SLAM (Simultaneous Localization and Mapping) enables a platform to estimate its pose and concurrently build a 3D map of an unknown environment using sensor data. Because of its central role in AR/VR, autonomous driving, and robotics, SLAM has attracted wide attention in both academia and industry.

Overview
SLAM provides two key capabilities: spatial localization and environment reconstruction. Mapping captures the geometric structure of the physical world and enables overlaying virtual AR/VR content onto real scenes. Localization, often expressed as 6DoF motion tracking, ensures consistent alignment of virtual and real content from different viewpoints.
XRSLAM Features
Modular design
XRSLAM is a C++ SLAM library in the OpenXRLab spatial computing platform. The algorithm implements a lightweight visual-inertial odometry (VIO) based on a monocular camera and an IMU, supports desktop and mobile platforms, and achieves near-state-of-the-art accuracy on public datasets such as EuRoC. It can process typical smartphone inputs at real-time frame rates around 30 fps.
Internally the framework is modular, accepting multiple sensor inputs and producing real-time camera poses via sensor fusion and optimization. The core VIO pipeline includes IMU preintegration, image feature matching, visual-IMU linear alignment for initialization, and sliding-window optimization. Feature matching is implemented using OpenCV optical flow.
The codebase organizes functions and classes by categories such as core modules, state estimation, multi-view geometry, visual localization, map structure, AR rendering, and utilities, which facilitates extension and integration.

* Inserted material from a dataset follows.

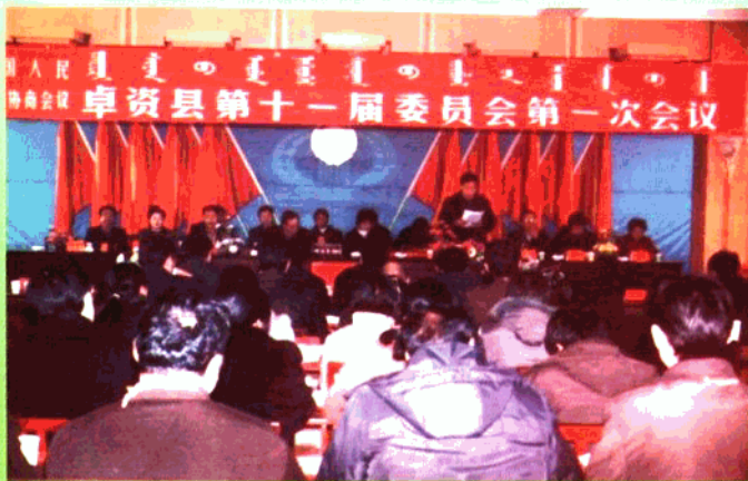
政协常委在主席台上

XRSLAM supports flexible multi-sensor configurations. The released version uses monocular camera plus IMU input; future extensions include stereo, depth cameras, and wide-angle optics.
Cross-platform development
The core library depends only on common libraries such as Eigen, OpenCV, and Ceres Solver, and these are included in the XRPrimer base library. XRSLAM supports building and running on Linux, macOS, Android, and iOS. The released package includes complete build flows and runnable demos for Linux/macOS and iOS.
Documentation and demos
Documentation and tutorials cover topics such as building and running on PC platforms and developing AR demos on mobile platforms.


VIO operation requires prior calibration of multi-sensor parameters. The project provides calibration parameters for recent iOS devices to simplify running the supplied AR demo.

To reduce environment setup issues, a Docker image is provided to standardize the development environment.

Performance Metrics
XRSLAM was evaluated on the EuRoC dataset and compared with VINS-Mono. VINS-Mono results were reproduced from its open-source code. The evaluation shows XRSLAM achieves a clear accuracy advantage on these tests. XRSLAM is also capable of real-time operation on mobile devices, with processing efficiency supporting frame rates above 30 fps.

The presented accuracy metrics do not include loop closure functionality.


Conclusion
SLAM is a mature yet active research area with many open challenges. XRSLAM offers an open, concise, cross-platform, and extensible base for further development and research in SLAM and spatial computing.